Heart of chocolate

Heart of chocolate

Sometimes we want to cook something that reflects all the love we want to convey.
This cake is perfect in this sense, because you just have to touch it to make sure that, from an external puff apparently solid, all the inner delicacy of chocolate is released.
Perfect for ending an intimate dinner, maybe just on Valentine’s Day.

INGREDIENTS Dose for 6 stencines

  • 100 Gr. Dark chocolate
  • 80 gr Butter
  • 80 Gr. Sugar
  • 20 Gr.
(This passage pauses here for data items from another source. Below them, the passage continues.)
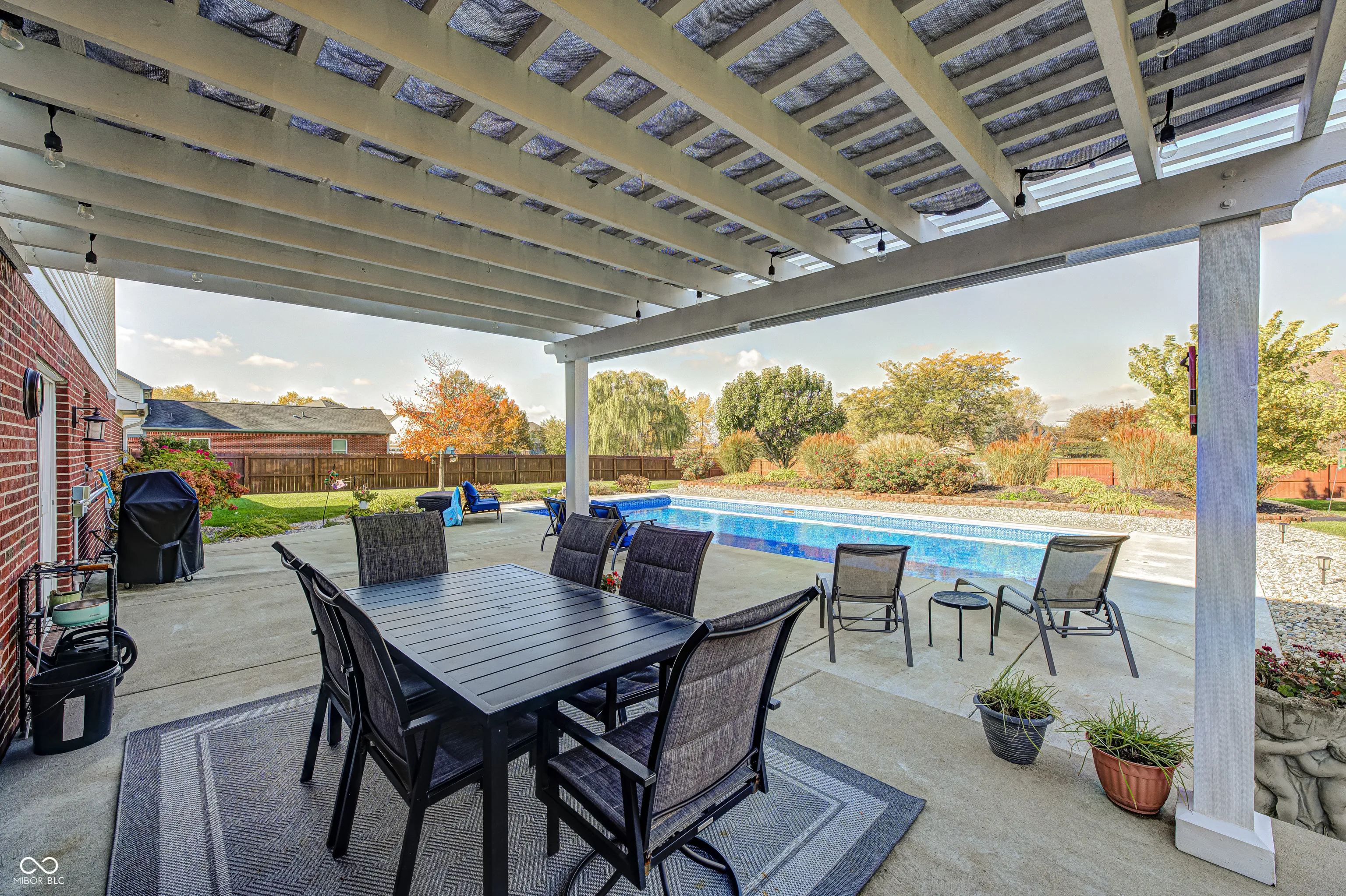 Very nice and spacious 4 Bedroom on a large lot in popular New Palestine! When you step in through the front door you are welcomed with the open main level spaces perfect for entertaining or maybe just unwinding. The living room invites relaxation and warmth, featuring a fireplace that promises cozy evenings and a comforting ambiance. In the kitchen, culinary dreams become reality amidst the solid surface counters with tile backsplash and stainless steel appliances. Upstairs the Primary Bedroom offers a private retreat with an ensuite bathroom, complete with a double vanity and a tiled walk-in shower, providing a spa-like experience every day. Step outside to discover a private pool, perfect for summertime relaxation and entertaining. The fenced backyard offers a secure space for recreation, while the patio and pergola create an inviting outdoor dining area for enjoying meals. Plenty of space in the attached 3 car garage for your vehicles and storage needs. All new carpeting upstairs, all new windows ’24. Pool new filter and salt cell this year, liner in ’24 and cover in ’23.
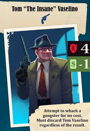 Mike "Machine Gun" Fitz: If the hit is successful, the controlling player of the killed Gangster still loses four Respect.
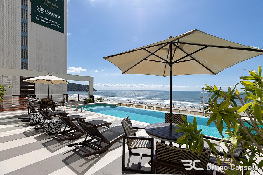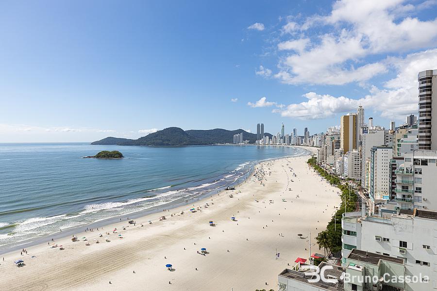 Apartamento frente mar com vista para toda a praia, 212 m² privativos, 4 suítes sendo 1 master com hidromassagem, amplo living integrado com sala de estar, jantar, cozinha americana e espaço gourmet com churrasqueira a carvão, 4 vagas de garagem.
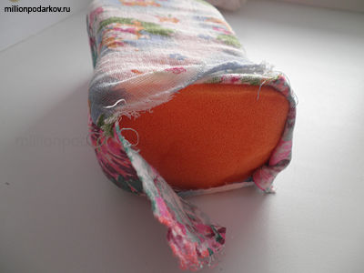 Выкраиваем из ткани кусочки так, чтобы они соответствовали размерам губки и сшиваем.
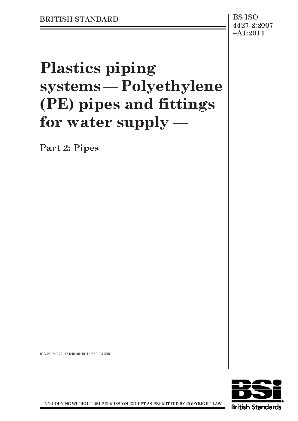 BS ISO 4427-2:2007+A1:2014
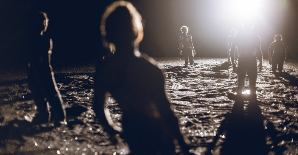 また、この倒れそうで倒れないダンサー達のパフォーマンスは、東日本大震災の被災地である宮城県石巻市の海岸でのワークショップが元になっているという。
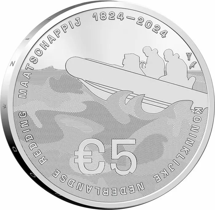 La pièce de 5 euros "200 ans de l'asociation royale du sauvetage en mer" (KNRM) a été conçue par Coralie Vogelaar, en collaboration avec le designer Hendrik-Jan Grievink. L'avers de la pièce représente le roi des Pays-Bas Willem-Alexander. On le voit regarder la côte paisible de la mer du Nord, le regard fixé sur l'horizon. Dans la partie supérieure, le texte " Willem-Alexander, Koning der Nederlanden " commence et se poursuit en demi-cercle. Au revers de la pièce, la mer se montre sous un jour bien différent : les vagues turbulentes et sauvages portent la silhouette d'un bateau de sauvetage de la KNRM avec deux volontaires à son bord. Lorsque la pièce bouge, la lumière change, ce qui accentue encore la dynamique de la mer. Le texte "Koninklijke Nederlandse Redding Maatschappij 1824 - 2024" figure également au revers, tout comme la marque privée et la marque d'atelier.
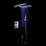 This LED shower set with hand shower is a quick solution to a high-end upgrade for it will remodel the look and feel of your bathroom instantly. The 8" square-shaped overhead shower head and adjustable hand shower allows you to completely customize this shower system to your needs.The LED effects of the 8" showerhead makes it even dramatic,the led light would change among blue,green and red according to the water temperature and the whole process is powered by water thus no battery is needed. There are two handles available on the control panel,the upper one is used as a diverter as you can use it to switch water between the overhead shower and the hand shower,for temperature control, you can use the other handle below,the whole process is very easy to accomplish. This is a product you will likely use frequently- upgrading the look and performance of your shower is sure to improve the quality of your overall bathing experience.

Flour
  • 3 whole eggs
  • 1 Pinch of cinnamon
  • Icing sugar QB
  • Butter and flour for stencines


  • Oven
  • Mono-Portion Aluminum stencits
  • Baking paper
  • Electric Whisker
  • Bowl
  • Small pot
  • Big pot
  • Spoon


Put the chocolate and butter in the small saucepan; We support the latter on the big pot full in half of water and put on the fire, medium flame, and we melt.
In the meantime we prepare the moulds, butter and flour all the sides, putting on the bottom a small piece of baking paper (to facilitate the extraction after cooking).
We put the sugar in the bowl with the eggs and wash it with the electric whisker, until the whole becomes frothy and light-coloured.
Add the flour and cinnamon to this dough and continue to work.
We then put the melted chocolate and continue to mix with a spoon until we get a single uniform color.
At this point we can put the dough in the molds that, once filled, will go in the freezer for at least three hours (can be prepared even days before).

When they must be tasted we continue the preparation by turning the oven to 210 ^ to make it warm.
We then take the molds directly from the freezer and put them immediately in the heated oven.
Our hearts must bake for only 17 minutes (no more otherwise they become simple pastries without the soft heart).
When serving them sprinkle with powdered sugar.